After training the model, we can make predictions on the testing data using the predict() method of the LinearRegression class. **The accuracy of the model is evaluated using different metrics, such as Mean Squared Error (MSE), Root Mean Squared Error (RMSE), Mean Absolute Error (MAE), Mean Absolute Percentage Error (MAPE), R-squared, and Explained Variance.**

In the above Python code, the **metrics of the Linear Regression model** are calculated as follows:

**Mean squared error (MSE):**This metric measures the average of the squared differences between the predicted and actual values. In this case, the MSE is 5131.098941109195, which indicates that the model’s predictions are, on average, 5131.098941109195 units away from the actual values.**Mean absolute percentage error (MAPE):**This metric measures the average percentage difference between the predicted and actual values. A value of 1.0399683400963986 indicates that, on average, the model’s predictions are about 1.04% away from the actual values.**R-squared (R2)**: This metric measures the proportion of the variance in the dependent variable (stock price) that is explained by the independent variables (predictors) in the model. An R2 value of 0.9997643613546477 indicates that 99.98% of the variance in the stock price can be explained by the predictors in the model.**Explained variance:**This metric is similar to R2 in that it measures the proportion of variance in the dependent variable that is explained by the model. An explained variance value of 0.9997647348779873 indicates that the model explains 99.98% of the variance in the stock price.**Root mean squared error (RMSE):**This metric measures the square root of the average of the squared differences between the predicted and actual values. In this case, the RMSE is 71.63168950338387, which indicates that the model’s predictions are, on average, 71.63168950338387 units away from the actual values.**Mean absolute error (MAE):**This metric measures the average absolute difference between the predicted and actual values. In this case, the MAE is 42.91492045843861, which indicates that the model’s predictions are, on average, 42.91492045843861 units away from the actual values.**Predicted close price for the next day:**This is the actual prediction made by the model for the close price of the stock for the next day, based on the data and model used to generate the above metrics. In this case, the predicted close price is 17400.060390626983.

In addition, the code outputs the predicted close price for the next day, which is 17400.06.

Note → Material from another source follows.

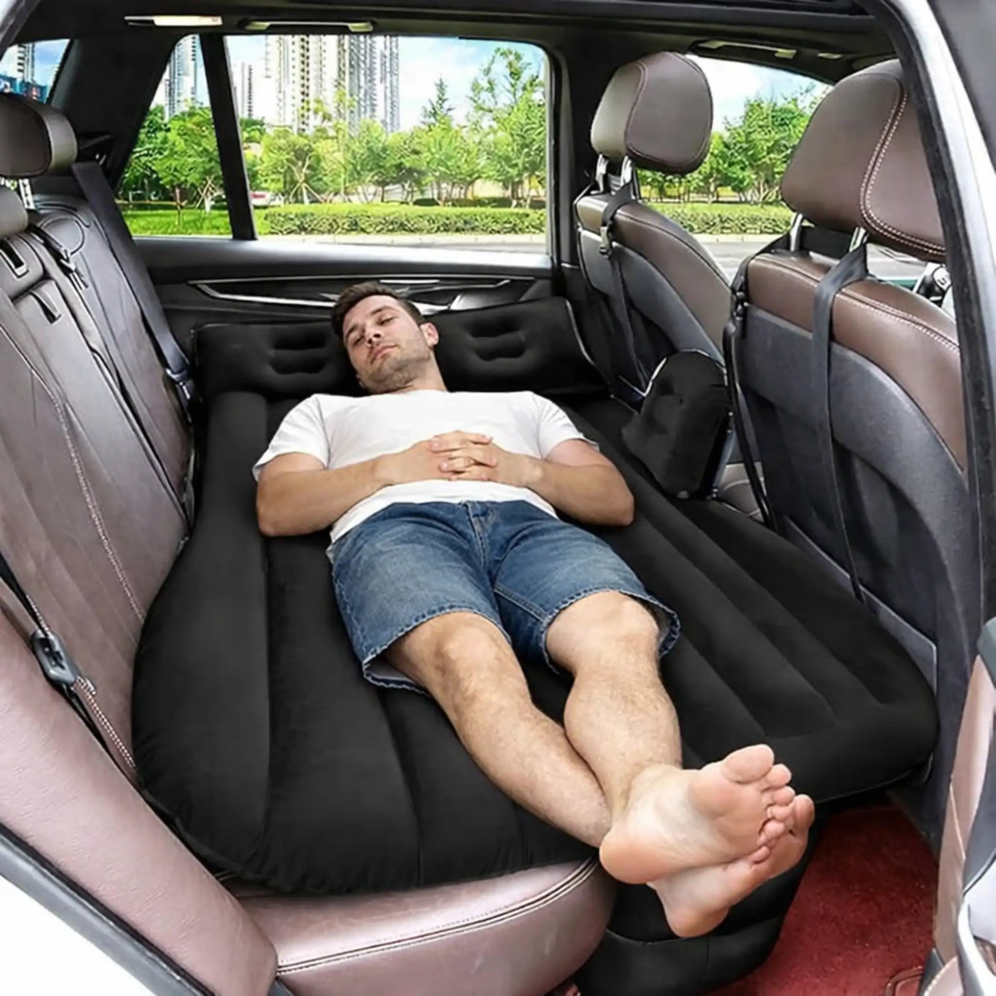Nuestro colchón inflable para carro es fácil de usar, cómodo y se ajusta a cualquier tamaño de vehículo. Ahora podrás disfrutar de tus viajes sin preocuparte por el dolor de cuello y espalda al dormir en asientos incómodos.

One **disadvantage of the linear regression model** is that it assumes a linear relationship between the input variables and the target variable. In reality, the relationship between the input variables and the target variable may be nonlinear, which can lead to poor performance of the linear regression model. Additionally, linear regression is sensitive to outliers in the data, which can skew the learned coefficients and lead to poor predictions. Finally, linear regression assumes that the input variables are independent of each other, which may not be the case in practice.

In conclusion, the Linear Regression model is a powerful machine-learning algorithm for predicting stock prices. The above Python code shows how to implement the Linear Regression model for predicting stock prices and evaluating its performance using various metrics. The accuracy of the model can be improved by using more relevant features and tuning the hyperparameters.